In the frontend directory of the Git Repo are some files you can use and the commands to run. I ran this front-end on a RHEL 9 Linux server. You could run this on OCP itself but that is out of scope for this.

  1. On the linux host, run the following:
sudo dnf install -y mod_ssl httpd
  1. Create the file called /etc/httpd/conf.d/vLLM.conf. Replace the following:

    <fqdnofyourserver>: yourserverfqdn
    <yourroutefqdn>: Your route name to your model
<VirtualHost *:80>
  ServerName <fqdnofyourserver>
  DocumentRoot /var/www/granite-client

  <Directory /var/www/granite-client>
    Options -Indexes +FollowSymLinks
    AllowOverride None
    Require all granted
  </Directory>

  ProxyRequests Off
  ProxyPreserveHost Off

  # Talk HTTPS to the backend and SKIP TLS verification (temporary)
  SSLProxyEngine on
  SSLProxyVerify none
  SSLProxyCheckPeerName off
  SSLProxyCheckPeerExpire off
  # If your Apache is older or very strict, also pin protocols:
  SSLProxyProtocol TLSv1.2 TLSv1.3

  # Your OpenShift route (note the /v1/ at the end)
  ProxyPass        /api/ https://instructlab-instructlab.apps.<yourroutefqdn>/v1/ connectiontimeout=5 timeout=65
  ProxyPassReverse /api/ https://instructlab-instructlab.apps.<yourroutefqdn>/v1/
</VirtualHost>
  1. Copy the index.html to /var/www/granite-client/. No adjustments are needed with this.
  2. Enable httpd daemon and open firewall if needed
systemctl enable httpd
systemctl start httpd
firewall-cmd --add-port=80/tcp --permanent
firewall-cmd --reload
  1. Your model should now be viewable on the webserver as shown below. Go to instructlab-instructlab.apps.<yourdomain>.

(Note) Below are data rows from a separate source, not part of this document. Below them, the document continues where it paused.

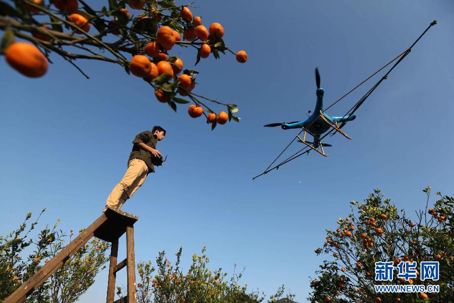 1月2日,在广西永福县百寿镇,技术人员利用无人飞机喷农药。元旦期间,广西永福县出资200多万元,对县里三大农产业之一、约20万亩的富硒砂糖橘进行无人飞机喷药灭虫。 新华社发(刘教清 摄)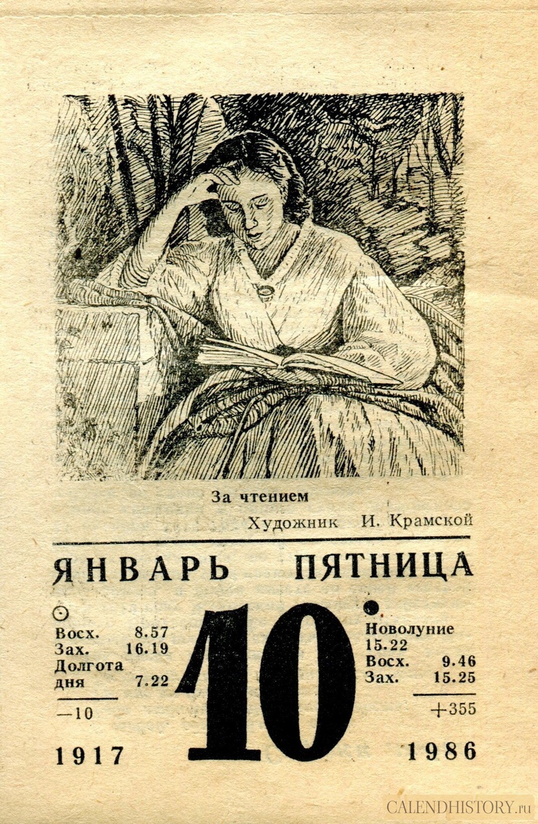 10 января 1986-го года — Календарь для женщин За чтением Художник И. Крамской Больше старых советских отрывных календарей смотрите у нас на сайте - calendhistory.ru https://calendhistory.ru/10-janvarja-1986-go-goda-kalendar-dlja-zhenshhin/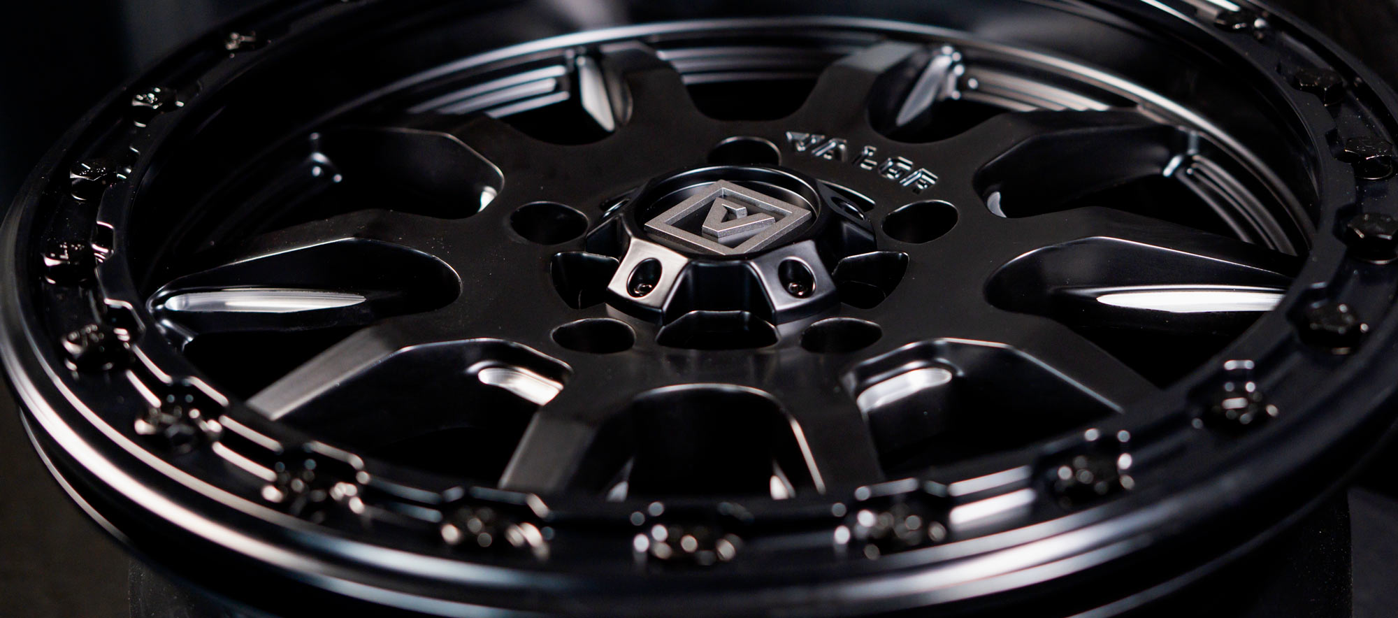 The V15 beadlock utv wheel comes stock with ABS satin black center cap with satin charcoal logo. The V15 wheel features a billet beadlock ring in satin black paint. All Installation hardware is satin black.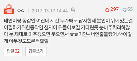 저사진 올라왔던 글에 베댓수준 진짜 놀랍다놀라워ㅠㅜ 이러니까 판이 욕먹지 ㅋㅋㅋㅋㅋ몇몇판녀들 판 욕먹게 하지마 ㅠㅠ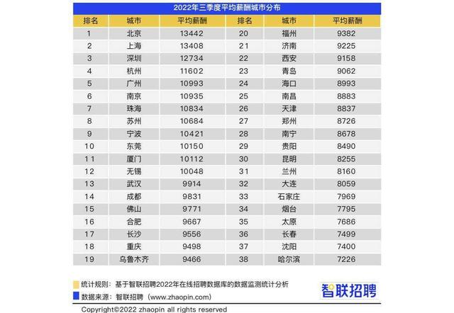 ☆10月10日,记者从智联招聘获悉,日前智联招聘发布《中国企业招聘薪酬报告》,展示昆明等国内38个核心城市企业的招聘薪酬水平。数据显示,今年三季度昆明平均薪酬8255元,排名全国第30。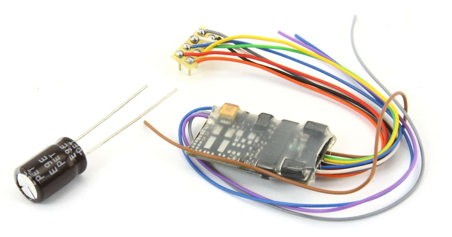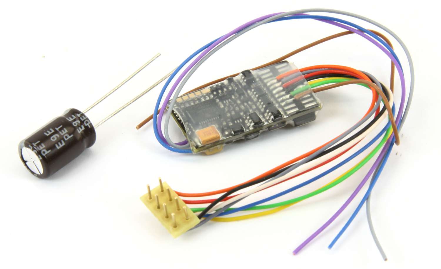 Decoder 26 x 15 x 3,5 mm, 1,8 A, Spitzenstrom 2,5 A, NEM 652 an Drähten, 10 Funktionsausgänge (Summe bis 0,8 A)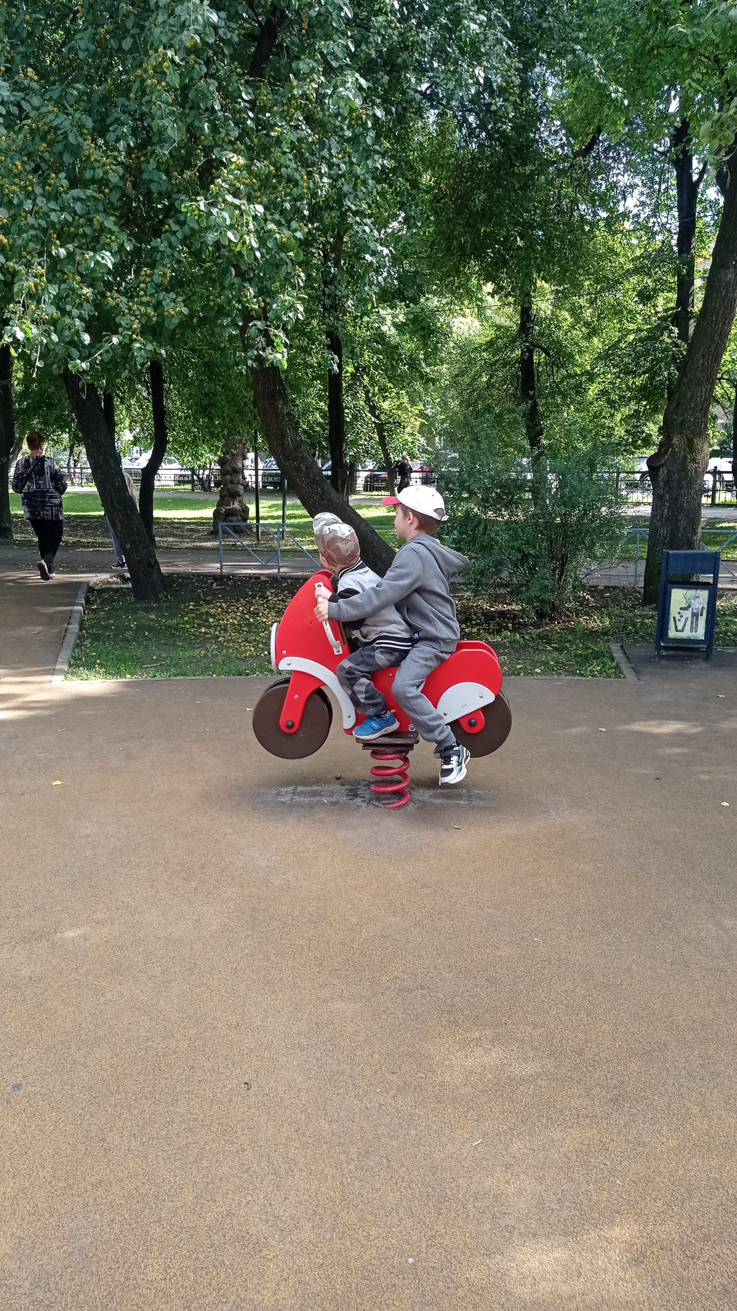 – Этой площадке девять лет, – продолжает Сергей Синицын. – Появилась она в 2016 году. Здесь постоянно играют дети. В этом году поставили новые элементы: лошадку для малышей и вот такую машинку. Отремонтировали качели.

Type a message and hit send. You can also hit "Send (stream)" to see the text respond in realtime. Feel free to adjust the max tokens (maximum number of words to return) and temperature as you desire.

The model hallucinates some but is pretty good otherwise.

I feel this answer is very accurate 😄

Now, let's apply the CPU version of this which includes it's own GUI (does not work with this one out of the box).

E. Serving on Regular CPU


Feel free to check out the YAML files in the yaml/cpu subdirectory. These can be applied as is on the command line.

  1. Run the following commands:
oc apply -f servingruntime.yaml
oc apply -f inferenceservice.yaml
  1. The model dashboard will show this red for some reason. I'm not worried about this much now.
  1. Adjust the route.yaml file contained in the repo. Replace <yourdomain> with the domain name of your OCP cluster and apply.
oc apply -f route.yaml
  1. Now, go to this route at https://chatbot.apps.<yourdomain>

I hope you enjoyed this article. Much more to come soon.